Search code examples
pythonnumpyapply

Converting R apply function to Python


I'm in the process of converting my existing R code to Python as a way to teach myself, but I've run into something that I can't seem to crack.

Here's a example of the R code which works as expected

var <- 0.08

a <- data.frame(a = runif(10, 0, 1), 
                b = runif(10, 0, 1), 
                c = runif(10, 0, 1), 
                d = runif(10, 0, 1))

b <- data.frame(a = c(0,4,6,8,10,12,12,14,16,18), 
                b = c(2,6,8,10,12,14,14,16,18,20), 
                c = c(4,8,10,12,14,16,16,18,20,22),
                d = c(6,10,12,14,16,18,18,20,22,24))

output <- data.table(total = seq(0, 10))

output[total%%2==0, prob:= apply(output[total%%2==0], 1, function(x) { sum(a[, 1:4] * (b[, 1:4]==x[1]))})]
output[total%%2==1, prob:= apply(output[total%%2==1], 1, function(x) { sum(a[, 1:4] * (b[, 1:4]==(x[1]-1))) * var/(1-var)})]
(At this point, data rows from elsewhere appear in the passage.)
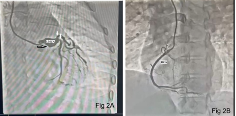 Figure 2: Coronary angiogram showing LMCA (left main coronary artery) aneurysm (black arrow) and stenoses of left anterior descending (LAD) and left circumflex artery (white arrows, Fig 2A). Normal right coronary artery (RCA, Fig 2B).
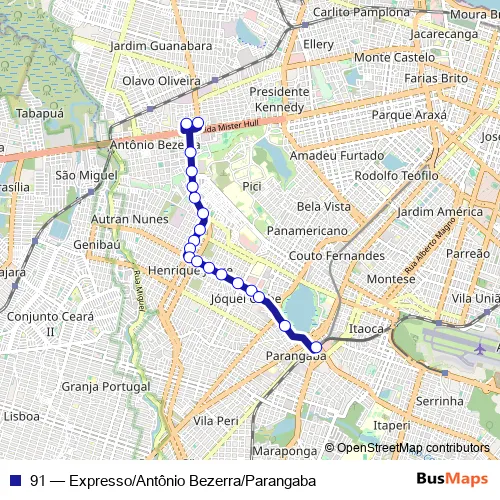 Click here to view the nearest 91 - Expresso/Antônio Bezerra/Parangaba bus stop.
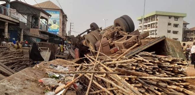 Selon les informations, c’est un camion rempli de bois qui aurais perdu son système de freinage sur la colline de la Cimenterie pour terminer course à quelques metres du grand marché de Lansanaya Barrage.
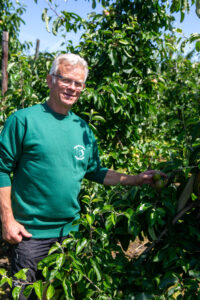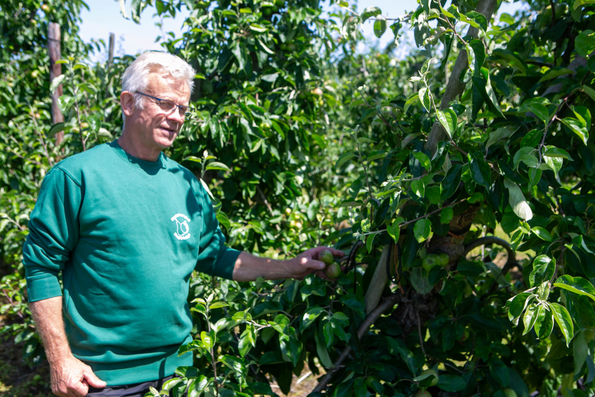 ”Vi har 15 hektar med frugttræer og dyrker æbler, pærer, kirsebær og blommer. Derudover dyrker vi også kartofler og grøntsager”, siger Henrik Petersen til Nært & Nyt.
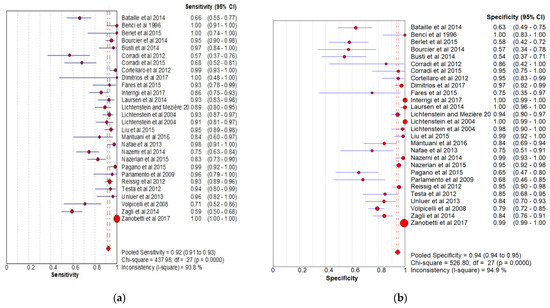 (a) Forest plot for sensitivity; (b) forest plot for specificity (LUS has an overall sensitivity of 92% (95% CI, 91–93%) and specificity of 94% (95% CI, 94–95%) in the diagnosis of pneumonia in adult).

and here's what I tried in Python which is returning 'nan' fields in the 'prob' column

import numpy as np
import pandas as pd

var = 0.08

a = pd.DataFrame(np.random.uniform(0, 1, size=(10, 4)), columns=['a', 'b', 'c', 'd'])
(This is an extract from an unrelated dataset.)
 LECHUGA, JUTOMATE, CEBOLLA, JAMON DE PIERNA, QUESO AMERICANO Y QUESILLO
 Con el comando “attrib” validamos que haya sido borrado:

b = pd.DataFrame({'a': [0, 4, 6, 8, 10, 12, 12, 14, 16, 18],
                  'b': [2, 6, 8, 10, 12, 14, 14, 16, 18, 20],
                  'c': [4, 8, 10, 12, 14, 16, 16, 18, 20, 22],
                  'd': [6, 10, 12, 14, 16, 18, 18, 20, 22, 24]})

output = pd.DataFrame({'total': range(0, 11)})
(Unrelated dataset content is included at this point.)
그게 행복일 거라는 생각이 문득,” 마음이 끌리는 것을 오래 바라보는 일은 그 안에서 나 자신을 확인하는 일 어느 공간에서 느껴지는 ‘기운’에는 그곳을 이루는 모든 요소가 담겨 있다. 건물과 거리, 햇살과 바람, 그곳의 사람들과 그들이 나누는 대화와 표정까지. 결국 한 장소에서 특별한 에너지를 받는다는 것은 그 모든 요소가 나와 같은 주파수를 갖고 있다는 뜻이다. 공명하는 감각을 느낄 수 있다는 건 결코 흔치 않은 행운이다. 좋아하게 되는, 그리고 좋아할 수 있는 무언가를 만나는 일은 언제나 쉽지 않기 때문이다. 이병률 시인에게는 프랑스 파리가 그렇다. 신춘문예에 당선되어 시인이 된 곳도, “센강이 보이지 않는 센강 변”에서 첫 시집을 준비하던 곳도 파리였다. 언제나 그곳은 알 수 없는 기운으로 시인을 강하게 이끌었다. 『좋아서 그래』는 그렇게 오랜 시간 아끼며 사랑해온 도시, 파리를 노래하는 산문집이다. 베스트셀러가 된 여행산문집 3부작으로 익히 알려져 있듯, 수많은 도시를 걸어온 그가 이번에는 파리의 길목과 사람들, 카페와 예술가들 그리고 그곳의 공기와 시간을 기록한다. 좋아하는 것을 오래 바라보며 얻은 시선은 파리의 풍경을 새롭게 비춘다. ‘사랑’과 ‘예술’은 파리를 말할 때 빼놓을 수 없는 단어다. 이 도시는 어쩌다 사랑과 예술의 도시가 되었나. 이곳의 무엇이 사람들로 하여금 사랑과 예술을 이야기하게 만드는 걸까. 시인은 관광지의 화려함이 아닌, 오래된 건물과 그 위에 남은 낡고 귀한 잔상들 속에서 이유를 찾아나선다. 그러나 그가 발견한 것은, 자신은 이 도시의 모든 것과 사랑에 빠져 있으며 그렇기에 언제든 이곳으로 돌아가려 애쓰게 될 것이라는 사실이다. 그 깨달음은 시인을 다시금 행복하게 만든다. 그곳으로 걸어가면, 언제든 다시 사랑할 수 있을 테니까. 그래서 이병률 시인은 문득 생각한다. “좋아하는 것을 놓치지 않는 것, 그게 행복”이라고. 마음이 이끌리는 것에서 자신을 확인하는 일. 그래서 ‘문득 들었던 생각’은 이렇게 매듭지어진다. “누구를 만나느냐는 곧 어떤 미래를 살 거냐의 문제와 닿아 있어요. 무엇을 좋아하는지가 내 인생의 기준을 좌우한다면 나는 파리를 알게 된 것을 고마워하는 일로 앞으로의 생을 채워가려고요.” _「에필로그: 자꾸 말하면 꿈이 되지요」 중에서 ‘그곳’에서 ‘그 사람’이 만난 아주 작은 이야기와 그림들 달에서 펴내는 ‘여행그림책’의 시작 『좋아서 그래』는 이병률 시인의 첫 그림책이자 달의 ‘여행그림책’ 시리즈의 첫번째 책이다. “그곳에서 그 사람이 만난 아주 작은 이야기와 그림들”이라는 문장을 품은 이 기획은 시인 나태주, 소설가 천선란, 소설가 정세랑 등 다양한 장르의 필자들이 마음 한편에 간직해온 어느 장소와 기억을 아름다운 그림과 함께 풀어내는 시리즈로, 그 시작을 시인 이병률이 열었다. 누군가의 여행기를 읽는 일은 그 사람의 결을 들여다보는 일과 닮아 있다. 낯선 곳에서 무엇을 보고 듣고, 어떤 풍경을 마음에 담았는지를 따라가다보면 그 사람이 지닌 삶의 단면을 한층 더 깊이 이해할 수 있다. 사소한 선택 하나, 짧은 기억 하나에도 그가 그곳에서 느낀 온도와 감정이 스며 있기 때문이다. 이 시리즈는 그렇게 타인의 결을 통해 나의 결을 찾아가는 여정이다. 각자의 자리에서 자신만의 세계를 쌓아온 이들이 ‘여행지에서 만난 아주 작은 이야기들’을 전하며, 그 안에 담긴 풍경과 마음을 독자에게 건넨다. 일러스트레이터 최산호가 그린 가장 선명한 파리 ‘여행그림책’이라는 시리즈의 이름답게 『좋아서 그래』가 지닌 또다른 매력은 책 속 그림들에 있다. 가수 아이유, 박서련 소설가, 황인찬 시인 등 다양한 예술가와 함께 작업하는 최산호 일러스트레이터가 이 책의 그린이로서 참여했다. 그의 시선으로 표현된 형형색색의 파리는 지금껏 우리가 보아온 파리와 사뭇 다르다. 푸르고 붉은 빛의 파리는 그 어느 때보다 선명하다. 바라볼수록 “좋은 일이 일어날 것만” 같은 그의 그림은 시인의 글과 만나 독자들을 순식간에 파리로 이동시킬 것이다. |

output.loc[output['total'] % 2 == 0, 'prob'] = output[output['total'] % 2 == 0].apply(lambda x: np.sum(a.iloc[:, 0:4] * (b.iloc[:, 0:4] == x[0])), axis=1)
output.loc[output['total'] % 2 == 1, 'prob'] = output[output['total'] % 2 == 1].apply(lambda x: np.sum(a.iloc[:, 0:4] * (b.iloc[:, 0:4] == (x[0] - 1))) * var / (1 - var), axis=1)

any help would be appreciated!

Thanks


Solution

  • Unfortunately this is some of the things you will need to learn when migrating R code to Python code. In R you know the sum of the values of a data.frame will sum every element, this is not the case with pandas. For example, see this question.

    By default when you call sum in a DataFrame it will sum across the rows, not all values. What you end up having is a Series in each element of the DataFrame you use apply, when in fact you were expecting a single value. You can test this if you print each iteration.

    output.loc[output['total'] % 2 == 0, 'prob'] = output[output['total'] % 2 == 0].apply(
        lambda x: print(np.sum(a.iloc[:, 0:4] * (b.iloc[:, 0:4] == x[0]))),
        axis = 1
    )
    

    You will see a bunch of Series. The solution to your problem is to sum again the values for the Series, or convert the DataFrame into an numpy.array.

    import numpy as np
    import pandas as pd
    
    var = 0.08
    
    a = pd.DataFrame(np.random.uniform(0, 1, size=(10, 4)), columns=['a', 'b', 'c', 'd'])
    
    b = pd.DataFrame({'a': [0, 4, 6, 8, 10, 12, 12, 14, 16, 18],
                      'b': [2, 6, 8, 10, 12, 14, 14, 16, 18, 20],
                      'c': [4, 8, 10, 12, 14, 16, 16, 18, 20, 22],
                      'd': [6, 10, 12, 14, 16, 18, 18, 20, 22, 24]})
    
    output = pd.DataFrame({'total': range(0, 11)})
    
    output.loc[output['total'] % 2 == 0, 'prob'] = output[output['total'] % 2 == 0].apply(
        lambda x: np.sum(a.iloc[:, 0:4] * (b.iloc[:, 0:4] == x[0])).sum(),
        axis = 1
    )
    
    output.loc[output['total'] % 2 == 1, 'prob'] = output[output['total'] % 2 == 1].apply(
        lambda x: np.sum(a.iloc[:, 0:4] * (b.iloc[:, 0:4] == (x[0] - 1))).sum() * var / (1 - var),
        axis = 1
    )
    
    output
    
    total prob
    0 0 0.503596
    1 1 0.0437909
    2 2 0.20748
    3 3 0.0180417
    4 4 0.666049
    5 5 0.0579173
    6 6 1.35971
    7 7 0.118235
    8 8 1.33156
    9 9 0.115787
    10 10 2.5496

    Which I guess is what you want. You should definitely provide the desired output in further questions as it make much easier to help that way.